Each entry is to be given again word for word; images are dropped.

=-=-=-=-=

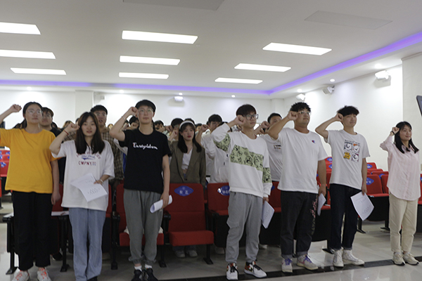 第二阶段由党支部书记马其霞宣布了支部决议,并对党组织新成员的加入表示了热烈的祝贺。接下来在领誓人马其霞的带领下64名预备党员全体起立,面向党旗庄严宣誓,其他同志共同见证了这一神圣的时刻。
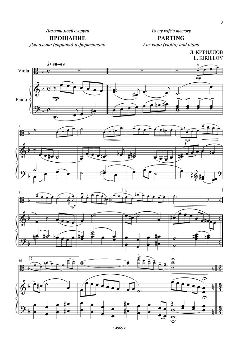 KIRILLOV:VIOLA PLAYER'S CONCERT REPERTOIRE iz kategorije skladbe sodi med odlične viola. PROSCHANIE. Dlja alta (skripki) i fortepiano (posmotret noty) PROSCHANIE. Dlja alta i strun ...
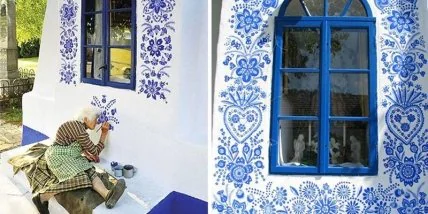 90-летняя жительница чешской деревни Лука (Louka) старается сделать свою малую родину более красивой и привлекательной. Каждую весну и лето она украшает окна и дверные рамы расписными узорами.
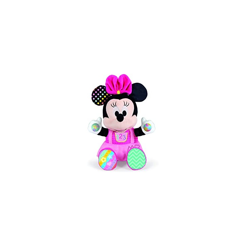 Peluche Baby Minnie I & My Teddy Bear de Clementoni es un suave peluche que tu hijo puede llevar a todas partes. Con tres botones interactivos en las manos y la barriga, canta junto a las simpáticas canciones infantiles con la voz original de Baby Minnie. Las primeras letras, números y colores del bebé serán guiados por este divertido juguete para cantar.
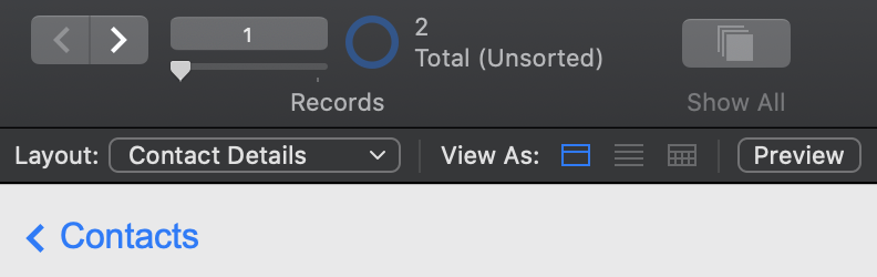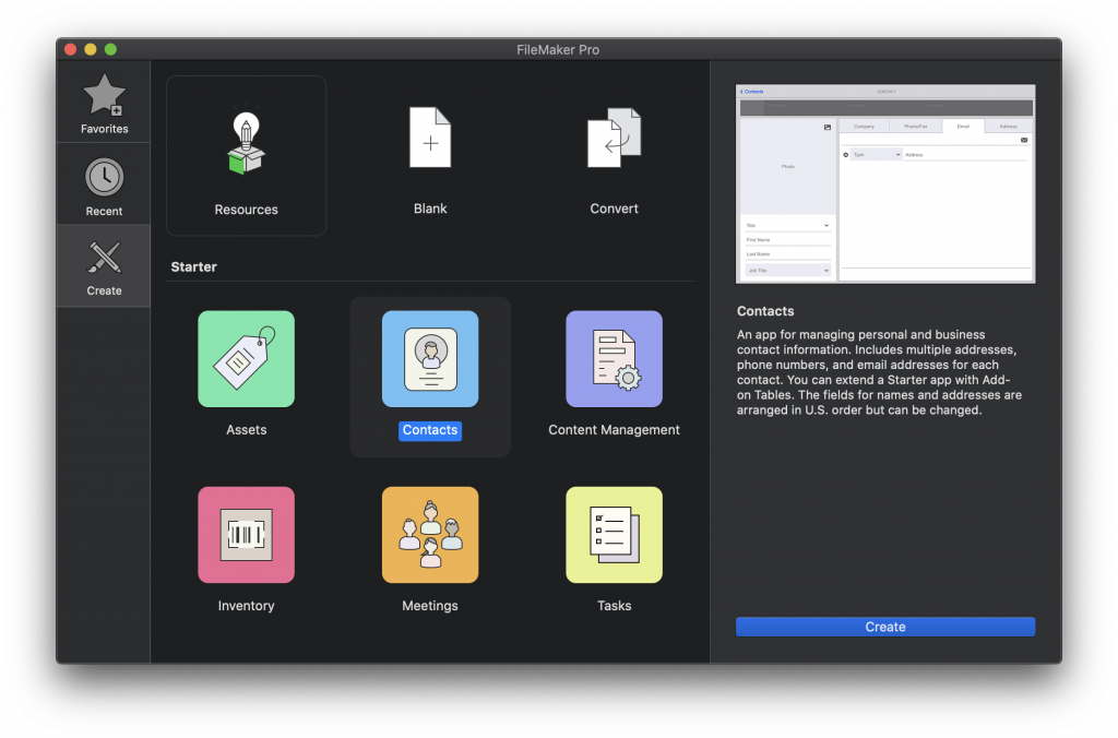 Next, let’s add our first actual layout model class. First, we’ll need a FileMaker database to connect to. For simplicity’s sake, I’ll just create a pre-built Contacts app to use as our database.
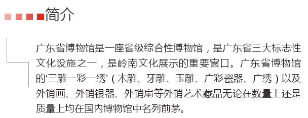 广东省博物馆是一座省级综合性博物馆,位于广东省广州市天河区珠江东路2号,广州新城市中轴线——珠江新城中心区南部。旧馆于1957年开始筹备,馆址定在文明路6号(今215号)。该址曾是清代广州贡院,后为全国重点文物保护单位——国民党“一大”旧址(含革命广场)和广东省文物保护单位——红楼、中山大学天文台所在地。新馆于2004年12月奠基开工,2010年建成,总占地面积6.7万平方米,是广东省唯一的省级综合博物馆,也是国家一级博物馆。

=-=-=-=-=

- REPLY TO THE EXERCISE
 第二阶段由党支部书记马其霞宣布了支部决议,并对党组织新成员的加入表示了热烈的祝贺。接下来在领誓人马其霞的带领下64名预备党员全体起立,面向党旗庄严宣誓,其他同志共同见证了这一神圣的时刻。
 KIRILLOV:VIOLA PLAYER'S CONCERT REPERTOIRE iz kategorije skladbe sodi med odlične viola. PROSCHANIE. Dlja alta (skripki) i fortepiano (posmotret noty) PROSCHANIE. Dlja alta i strun ...
 90-летняя жительница чешской деревни Лука (Louka) старается сделать свою малую родину более красивой и привлекательной. Каждую весну и лето она украшает окна и дверные рамы расписными узорами.
 Peluche Baby Minnie I & My Teddy Bear de Clementoni es un suave peluche que tu hijo puede llevar a todas partes. Con tres botones interactivos en las manos y la barriga, canta junto a las simpáticas canciones infantiles con la voz original de Baby Minnie. Las primeras letras, números y colores del bebé serán guiados por este divertido juguete para cantar.
 Next, let’s add our first actual layout model class. First, we’ll need a FileMaker database to connect to. For simplicity’s sake, I’ll just create a pre-built Contacts app to use as our database.
 广东省博物馆是一座省级综合性博物馆,位于广东省广州市天河区珠江东路2号,广州新城市中轴线——珠江新城中心区南部。旧馆于1957年开始筹备,馆址定在文明路6号(今215号)。该址曾是清代广州贡院,后为全国重点文物保护单位——国民党“一大”旧址(含革命广场)和广东省文物保护单位——红楼、中山大学天文台所在地。新馆于2004年12月奠基开工,2010年建成,总占地面积6.7万平方米,是广东省唯一的省级综合博物馆,也是国家一级博物馆。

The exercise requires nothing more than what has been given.